The consequences are no longer theoretical; they are visible in every crumbling lab and overcrowded lecture hall.
  • The Brain Drain: Our best minds are no longer staying to build Nigeria; they are fueling the research engines of Canada, the UK, and the US.
  • The Pedagogical Gap: When a professor earns less than a mid-level bank manager, the incentive for rigorous research vanishes. Teaching becomes a “side hustle,” and the quality of graduates—the future of our economy—suffers accordingly.

Bridging the Gap: Incentivising the Private Sector

Government funding alone cannot replicate the 1976 boom. We must create a robust framework that makes university investment a smart business move for Nigeria’s private sector:
  • R&D Tax Credits & Deductibility: Expand current tax reforms to offer 100% tax deductibility for corporate funds donated to university research and endowments. Recent tax reforms by the Tinubu Government have already begun providing benefits for R&D expenses, which is a positive for the administration, but these must be aggressively promoted to multinational corporations.
  • Corporate Social Responsibility (CSR) Re-alignment: Shift the “Expanded Corporate Social Responsibility” (ECSP) focus toward infrastructure development in higher education. Instead of building roundabouts, for instance, companies should be incentivised to build technology parks or specialized labs within universities in exchange for naming rights (named endowments) and priority access to graduates.
  • Matching Grant Schemes: The government, through agencies like TETFUND, could establish a “Naira-for-Naira” matching scheme where every ₦1 a company invests in a university research project is matched by the state.
  • Intellectual Property (IP) Protection: Strengthening IP laws would give companies the confidence to fund research and commercialize local innovations in sectors like agriculture and renewable energy.
  • University Autonomy over Grants: Building on the September 2024 policy exempting third-party research grants from the Treasury Single Account (TSA), public universities can now offer private partners faster, more transparent financial management for their projects.
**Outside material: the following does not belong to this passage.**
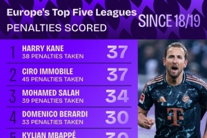 今日热点11月21日讯 Squawka统计了2018-2019赛季以来球员在五大联赛的点球进球数量,并列出榜单,凯恩、因莫比莱37球居首,萨拉赫34球第三。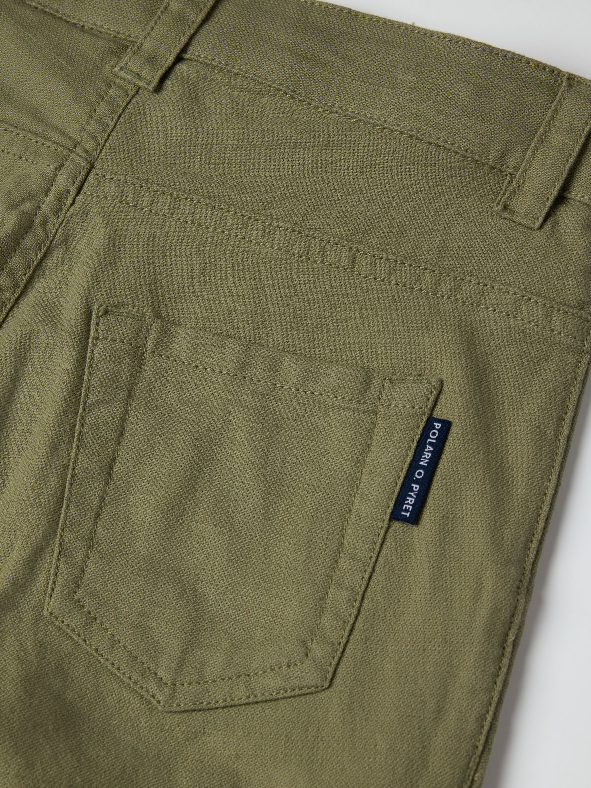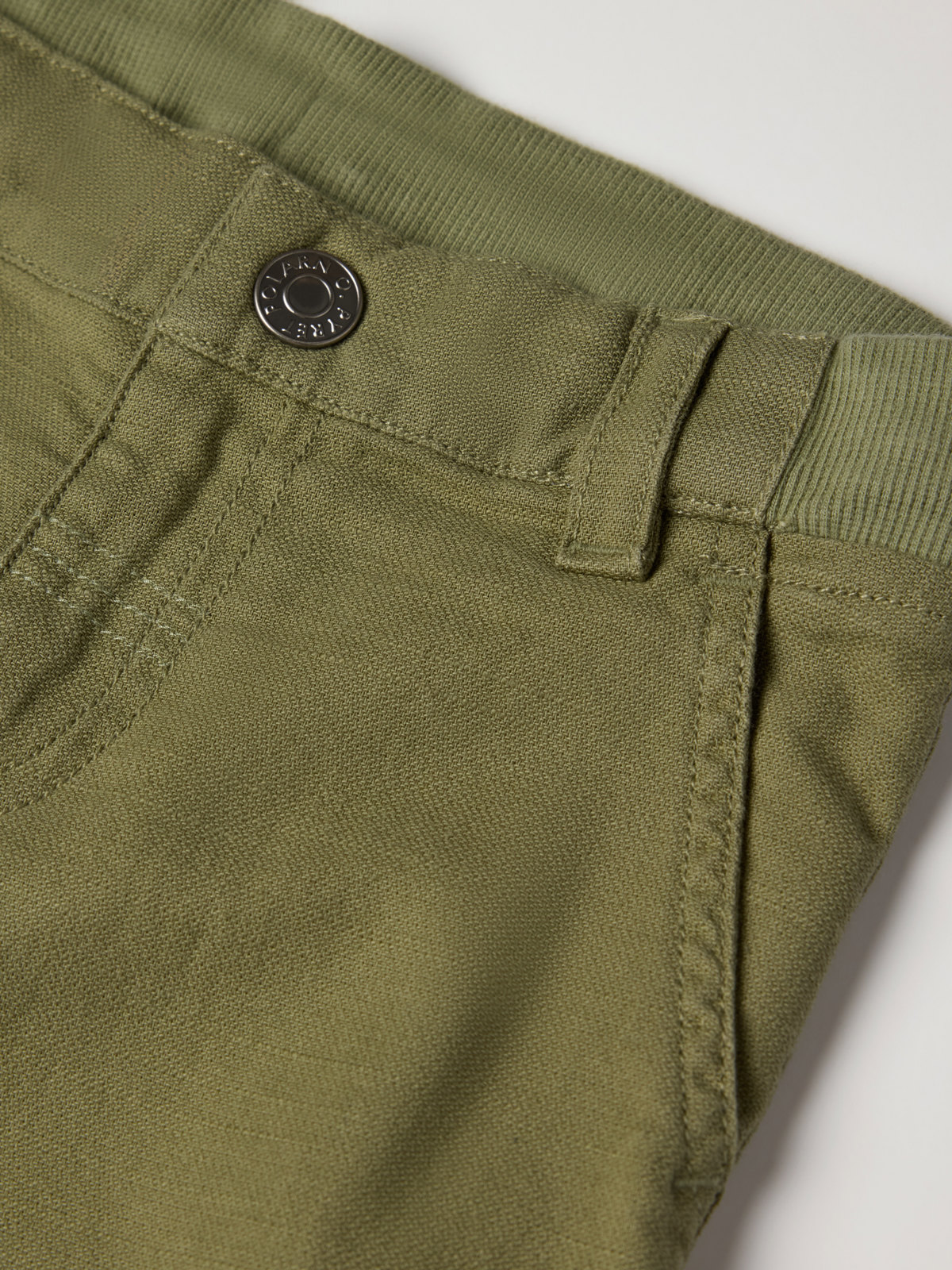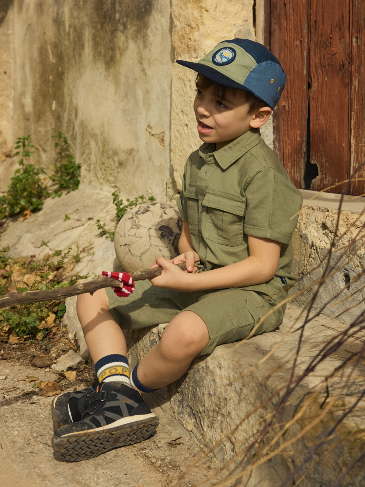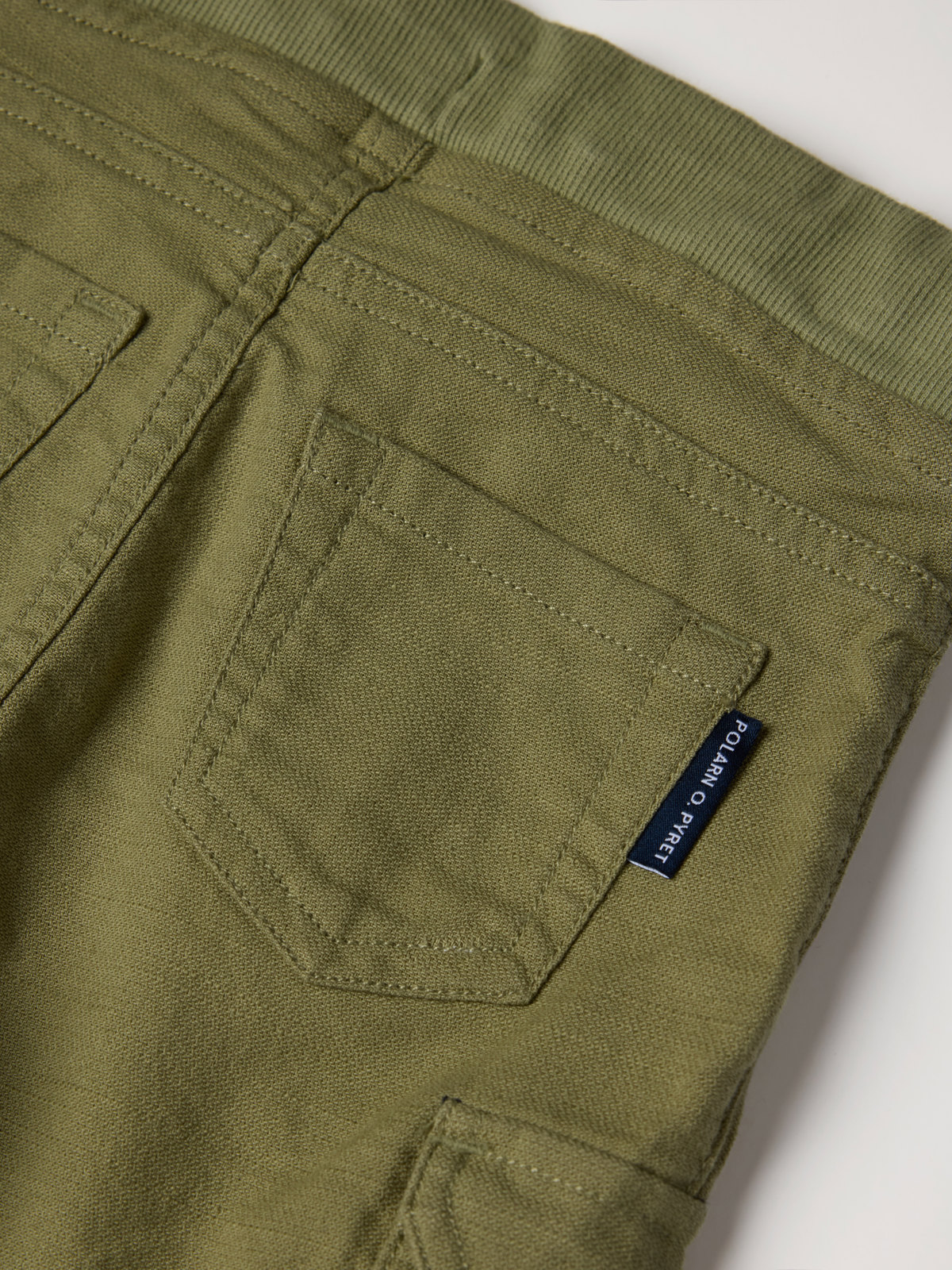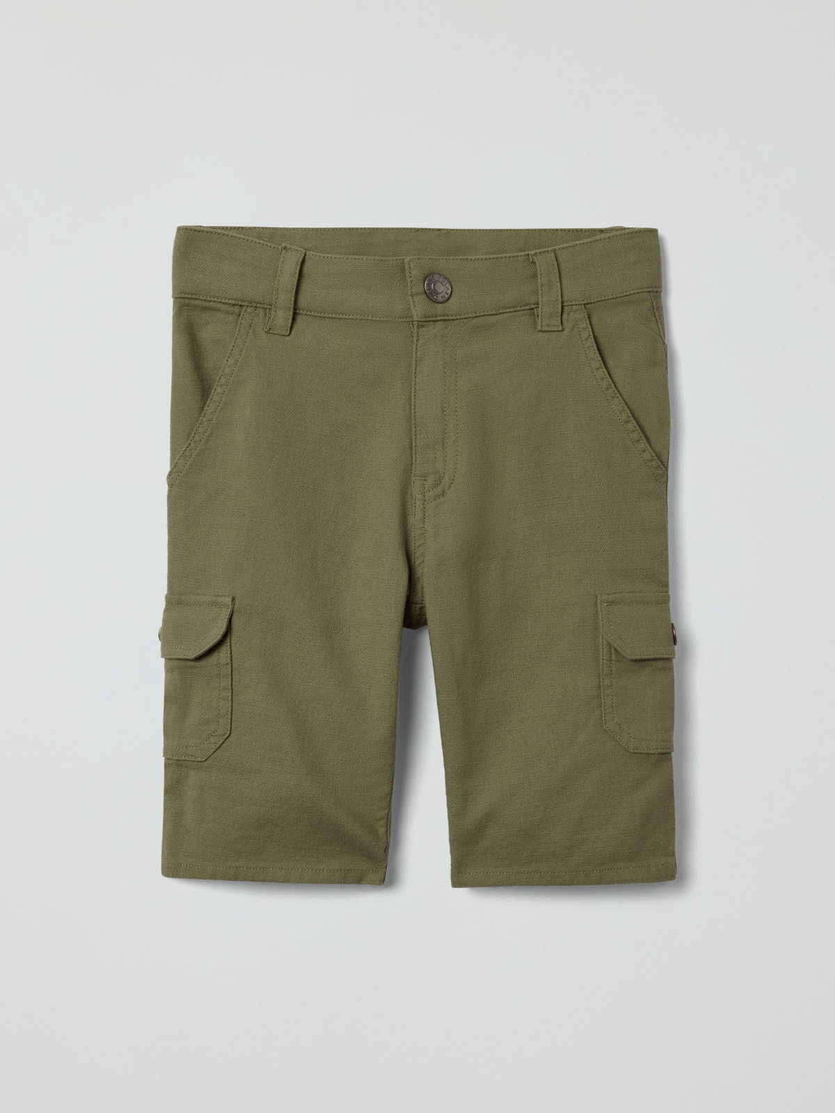 Mjuka cargoshorts i 100 % ekologisk bomull – perfekta för härliga sommaräventyr! Shortsen har förböjda knän för skön passform och uppvikbara benslut. De har fickor fram och bak, samt två benfickor som stängs med tryckknapp.

The Path to Restoration: A Final Blueprint

To restore the glory of 1976, we must move beyond cosmetic salary “top-ups” and embrace structural reform:
  1. Competitive Indexing: Index salaries against a stable currency basket to ensure global talent is paid global rates (see my latest novel Basket Residue Theory research paper).
  2. Autonomous Endowment Models: Empower universities to manage public-private partnerships and commercialise research.
  3. Infrastructure Marshall Plan: A dedicated fund for laboratories and campus housing to re-attract international scholars.
  4. Performance-Based Research Grants: Decouple income from basic civil service scales by rewarding high-impact publications.
  5. Strict Accreditation Moratorium: Consolidate resources into centers of excellence rather than creating new “political” universities. Furthermore, government (through the NUC) must introduce a requirement that any proposed new university must be backed by a professionally managed endowment fund (with a seed amount of at least 20 million USD) under registered trustees.
In 1976, Nigeria proved it could lead the world in education. Fifty years later, the “professorial cadre” is a shadow of its former self. To save the Nigerian project, we must first save the Nigerian professor. We don’t need a miracle; we need the political will to treat education as the investment it is, rather than the charity it has become.
Leonard Karshima Shilgba is a mathematics professor with extensive governance and administrative experience in the Nigerian university system.